Below are records to be copied exactly; their pictures are to be omitted.

■ STUDY MATERIAL ■

Start of Block

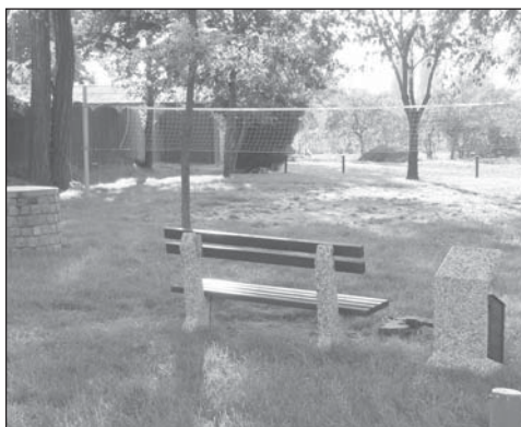
Volejbalové hřiště na ulici Wolkerově
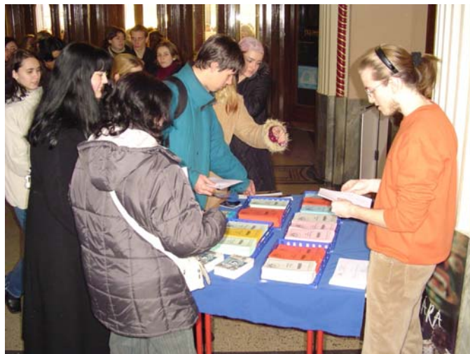
... csak tessék ...
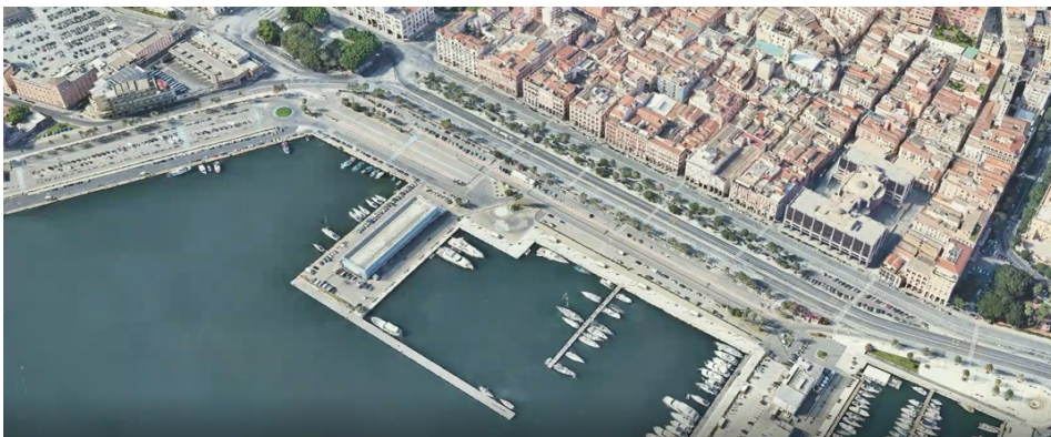
Il frontemare di Cagliari oggi

Costruire una nuova immagine della Città di Cagliari come Città del Mediterraneo e della Sostenibilità , luogo ideale per vivere e lavorare, meta internazionale apprezzata e ricercata da visitatori e turisti.
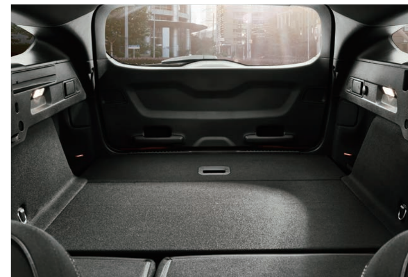
行李廂後座快傾拉桿*

End of Block

■ ANSWER FOR THE TASK ■
Volejbalové hřiště na ulici Wolkerově
... csak tessék ...
Il frontemare di Cagliari oggi

Costruire una nuova immagine della Città di Cagliari come Città del Mediterraneo e della Sostenibilità , luogo ideale per vivere e lavorare, meta internazionale apprezzata e ricercata da visitatori e turisti.
行李廂後座快傾拉桿*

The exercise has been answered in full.